Flamigo is still pre-1.0.

That means the framework is already usable, but you should still expect some API and template changes while the architecture settles through real app usage.

What feels stable already

These parts are now structurally solid enough that I would expect only incremental changes:

  • the events package and event bus direction
  • the strategies split between local registries and namespaced routers
  • the injection API and startup wiring model
  • the transport/http and transport/websocket package boundaries
  • the generated project shape around domains, api, and adapters

What may still change before 1.0

These parts are still more likely to move as apps put pressure on the framework:

  • generated template details
  • exact transport adapter scaffolding
  • naming and ergonomics around helpers and optional packages
  • documentation structure and examples

The core architectural direction should be much more stable than the exact convenience APIs around it.
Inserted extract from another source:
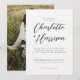 Um simples guião manuscrito moderno e minimalista casamento de tipografia com um convite de textura de linho gravado, com sua foto de casamento no verso. Substitua a foto de amostra pela sua própria foto de casamento. Use a ferramenta design simples para alterar a fonte ou digitar a cor. Disponível em impressão, como download digital ou ambos.
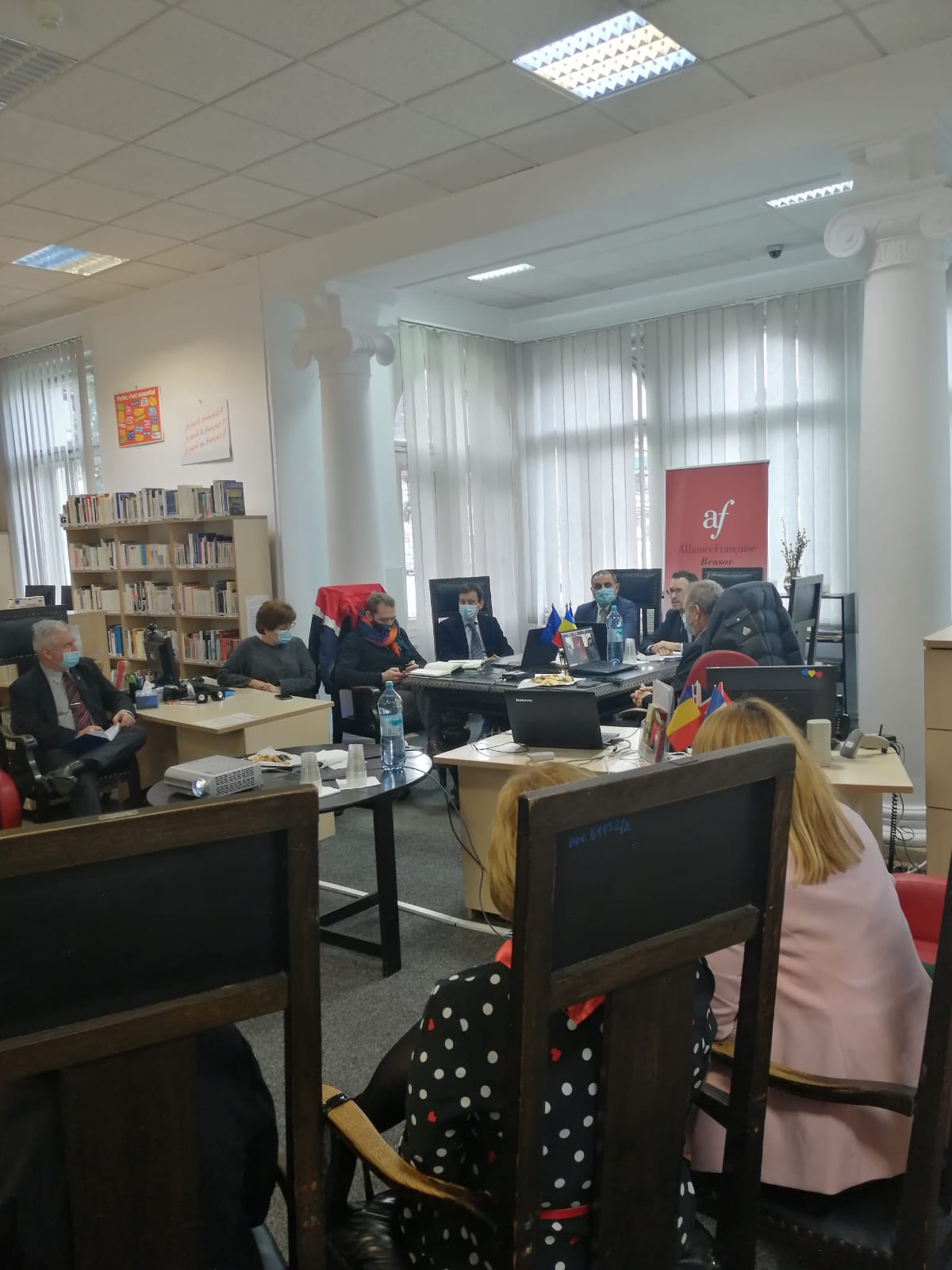 A la réunion ont participé également : le Directeur adjoint de l’IF de Roumanie, le Consul honoraire de France à Brașov et le lecteur français de l’Université Transilvania de Brașov.

When Flamigo is a good fit today

Flamigo is already a good fit if:

  • you are comfortable with pre-1.0 libraries
  • you want a domain-first, hexagonal Go backend
  • you are willing to update app code when templates or convenience APIs improve

You may want to wait a bit longer if:

  • you want a large batteries-included web platform
  • you do not want to absorb any migration cost before 1.0

Versioning

Flamigo plans to follow semantic versioning.

That means the intent is:

  • 1.x and above should use major versions for breaking changes
  • minor versions should add functionality in a backwards-compatible way
  • patch versions should focus on fixes and smaller improvements

Until Flamigo reaches 1.0.0, versions below 1.0.x may still introduce breaking changes. That is intentional for the current stage of the project while the architecture, APIs, and project templates continue to settle through real usage.